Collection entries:
==*==
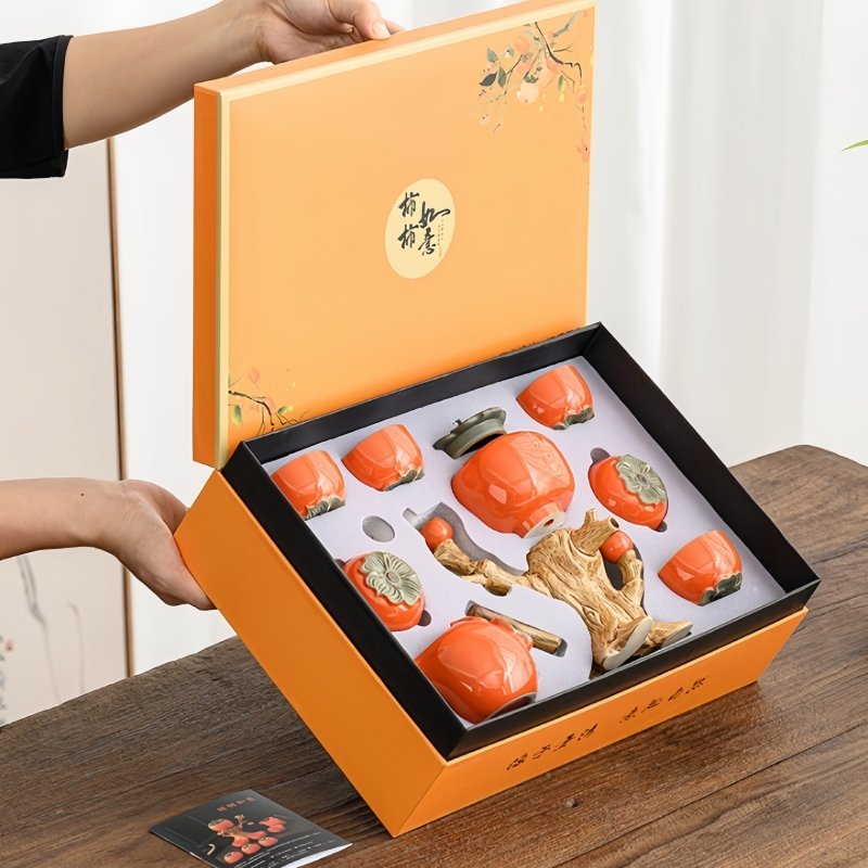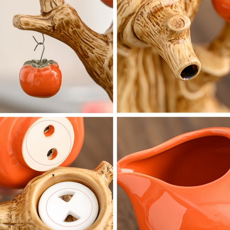 The most striking feature of this tea set is its persimmon-shaped design. The beautiful, vibrant orange color and the delicate leaf details create a whimsical yet sophisticated appearance. The teapot and teacups mimic the form of a persimmon, bringing nature’s beauty into your home. This creative and unique design is perfect for tea lovers who appreciate both functional and artistic pieces in their collection.
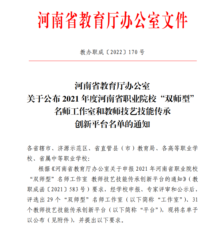近日,河南省教育厅办公室发布《河南省教育厅办公室关于公布2021年度河南省职业院校“双师型”名师工作室和教师技艺技能传承创新平台名单的通知》(教办职成〔2022〕170号),我校冯峰教授主持的“水生态修复技术”获评河南省职业院校“双师型”名师工作室,张延教授主持的“机械设计与制造”获评河南省职业院校教师技艺技能传承创新平台。至此,我校已获评河南省职业院校“双师型”名师工作室和教师技艺技能传承创新平台各2个。
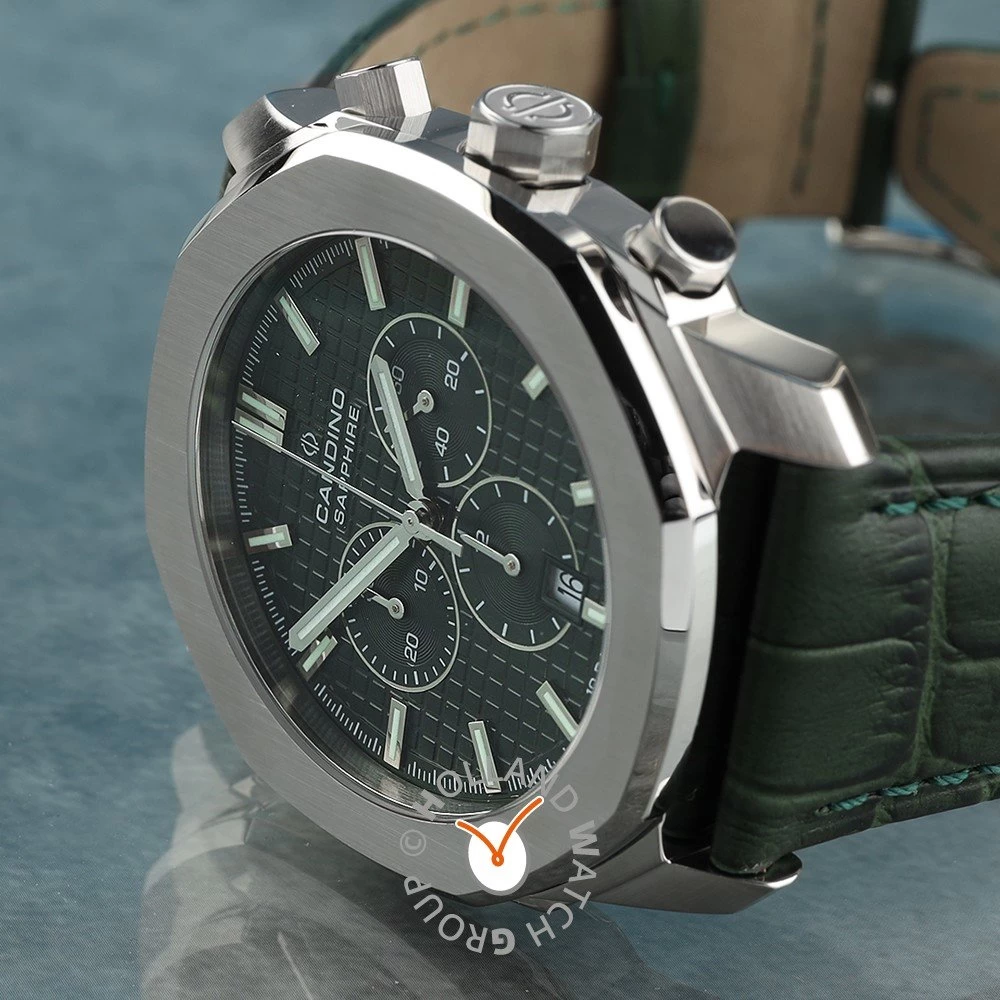 This Candino watch has a case made of stainless steel with a diameter of 44 mm and is fitted with a leather band. Inside the case lies a Ronda movement and the watch features a Sapphire crystal.
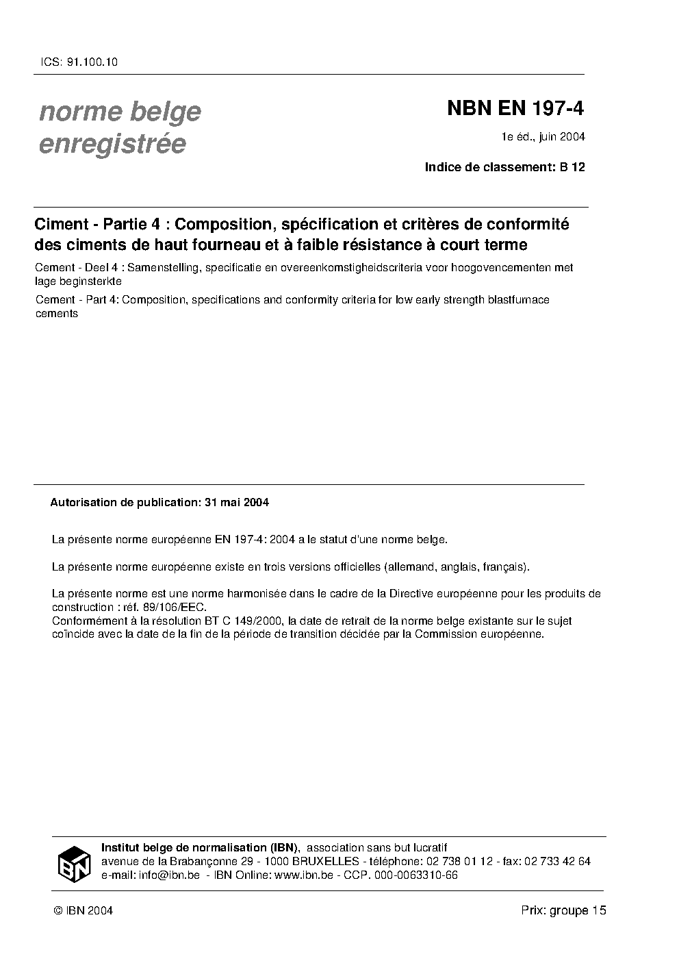 NBN EN 197-4:2004
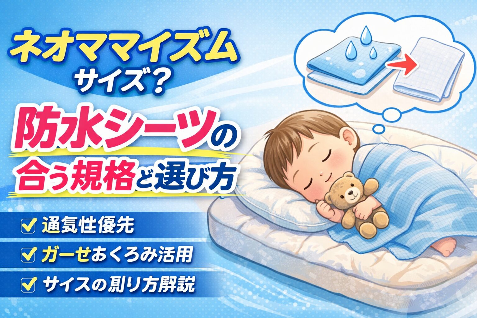 ネオママイズム サイズで防水シーツを選ぶなら、「ぴったり規格探し」より「通気を優先した運用」が結論です。
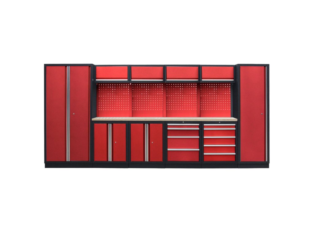 Dílenský nábytek PROFI RED s dřevěnou deskou zaujme moderním a profesionálním vzhledem. Kombinace červené RAL 3031 a černé RAL 9004 se bude vyjímat v každé garáži i dílně. Sestava nábytku v sobě skrývá dostatečné množství úložného prostoru pro vaše nářadí, autotechniku i dílenské vybavení. V kombinaci s bytelnou pracovní deskou získáte multifunkční stěnu, se kterou vám půjde práce od ruky ve všech směrech. Jednotlivé komponenty jsou plně konfigurovatelné, sestavu je možné dle vašich potřeb rozšířit o další skříně, regály i ponk.Sestava nábytku RTGS1300AA6
==*==
▶ **Description of the task**: In repeating the lines above, keep the wording exact and leave every picture out.

▶ **Written response**:
 The most striking feature of this tea set is its persimmon-shaped design. The beautiful, vibrant orange color and the delicate leaf details create a whimsical yet sophisticated appearance. The teapot and teacups mimic the form of a persimmon, bringing nature’s beauty into your home. This creative and unique design is perfect for tea lovers who appreciate both functional and artistic pieces in their collection.
近日,河南省教育厅办公室发布《河南省教育厅办公室关于公布2021年度河南省职业院校“双师型”名师工作室和教师技艺技能传承创新平台名单的通知》(教办职成〔2022〕170号),我校冯峰教授主持的“水生态修复技术”获评河南省职业院校“双师型”名师工作室,张延教授主持的“机械设计与制造”获评河南省职业院校教师技艺技能传承创新平台。至此,我校已获评河南省职业院校“双师型”名师工作室和教师技艺技能传承创新平台各2个。
 This Candino watch has a case made of stainless steel with a diameter of 44 mm and is fitted with a leather band. Inside the case lies a Ronda movement and the watch features a Sapphire crystal.
 NBN EN 197-4:2004
 ネオママイズム サイズで防水シーツを選ぶなら、「ぴったり規格探し」より「通気を優先した運用」が結論です。
 Dílenský nábytek PROFI RED s dřevěnou deskou zaujme moderním a profesionálním vzhledem. Kombinace červené RAL 3031 a černé RAL 9004 se bude vyjímat v každé garáži i dílně. Sestava nábytku v sobě skrývá dostatečné množství úložného prostoru pro vaše nářadí, autotechniku i dílenské vybavení. V kombinaci s bytelnou pracovní deskou získáte multifunkční stěnu, se kterou vám půjde práce od ruky ve všech směrech. Jednotlivé komponenty jsou plně konfigurovatelné, sestavu je možné dle vašich potřeb rozšířit o další skříně, regály i ponk.Sestava nábytku RTGS1300AA6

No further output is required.